An x-ray machine uses \(240 \mathrm{kV}\) rms at \(60.0 \mathrm{mA}\) ms when it is operating. If the power source is a \(420-\mathrm{V}\) rms line, (a) what must be the turns ratio of the transformer? (b) What is the rms current in the primary? (c) What is the average power used by the \(x\) -ray tube?

Short Answer

Expert verified
Answer: The turns ratio of the transformer is approximately 1:571.43, and the average power used by the x-ray tube is 7.2 kW.

Step by step solution

01

Understand the relationship between voltage and turns in a transformer

In a transformer, the turns ratio is directly proportional to the ratio of voltages across the primary and secondary windings.

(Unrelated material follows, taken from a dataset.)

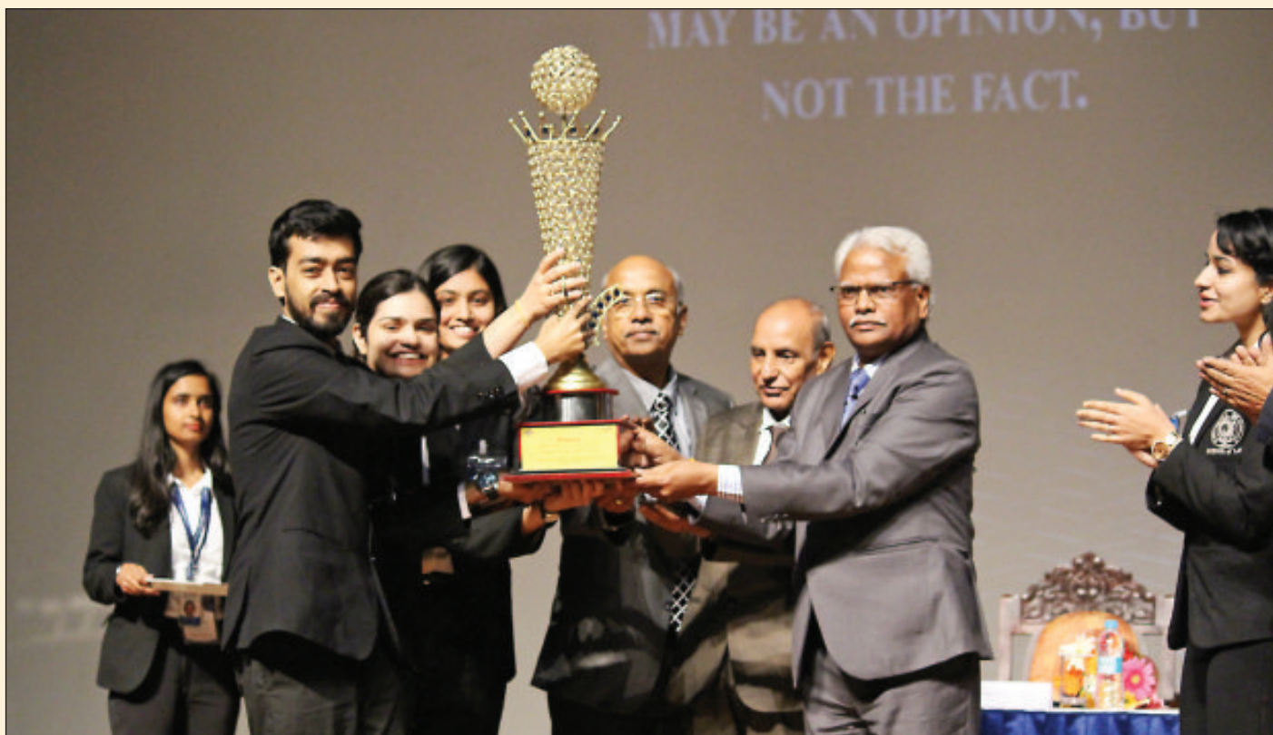
SLCU Winning Team with Trophy

The equation is given by: $$ \frac{V_{primary}}{V_{secondary}} = \frac{N_{primary}}{N_{secondary}} $$ where \(V_{primary}\) and \(V_{secondary}\) are the primary and secondary voltages, and \(N_{primary}\) and \(N_{secondary}\) are the primary and secondary turns, respectively.
02

Calculate the turns ratio

Using the given values in the problem, we can calculate the turns ratio: $$ \frac{420V}{240kV} = \frac{N_{primary}}{N_{secondary}} $$ Here 240kV = 240,000V, so we can rewrite the equation as: $$ \frac{420}{240,000} = \frac{N_{primary}}{N_{secondary}} $$ Now, we can find the turns ratio. Divide both sides by \(420\): $$ \frac{N_{primary}}{N_{secondary}} = \frac{1}{571.43} $$ So the turns ratio is approximately \(1:571.43\).
03

Calculate the rms current in the primary

The power transferred to the secondary side is equal to the power transferred from the primary side for an ideal transformer. Thus, by using the formula for power as \(P = IV\) (current times voltage), we have: $$ I_{primary} V_{primary} = I_{secondary} V_{secondary} $$ Given values of the problem are \(V_{primary} = 420V\), \(V_{secondary} = 240,000V\), and \(I_{secondary} = 60.0 mA\). Replace the values and solve for \(I_{primary}\): $$ I_{primary} \times 420 = 60.0 \times 10^{-3} \times 240,000 $$ Now, find \(I_{primary}\) by dividing both sides by 420: $$ I_{primary} = \frac{60.0 \times 10^{-3} \times 240,000}{420} = 34.29A $$ The rms current in the primary is approximately \(34.29A\).
04

Calculate the average power used by the x-ray tube

To find the average power used by the x-ray tube, first, we need to understand that rms values are given for both voltage and current. The formula for the average power in terms of rms values is: $$ P_{avg} = \frac{1}{2} × V_{rms} \times I_{rms} $$ Here, \(V_{rms} = 240kV\) and \(I_{rms} = 60mA\). Replace the values and solve for \(P_{avg}\): $$ P_{avg} = \frac{1}{2} \times 240,000 \times 60 \times 10^{-3} = 7200 \mathrm{W} $$ The average power used by the x-ray tube is \(7200W\) or \(7.2kW\).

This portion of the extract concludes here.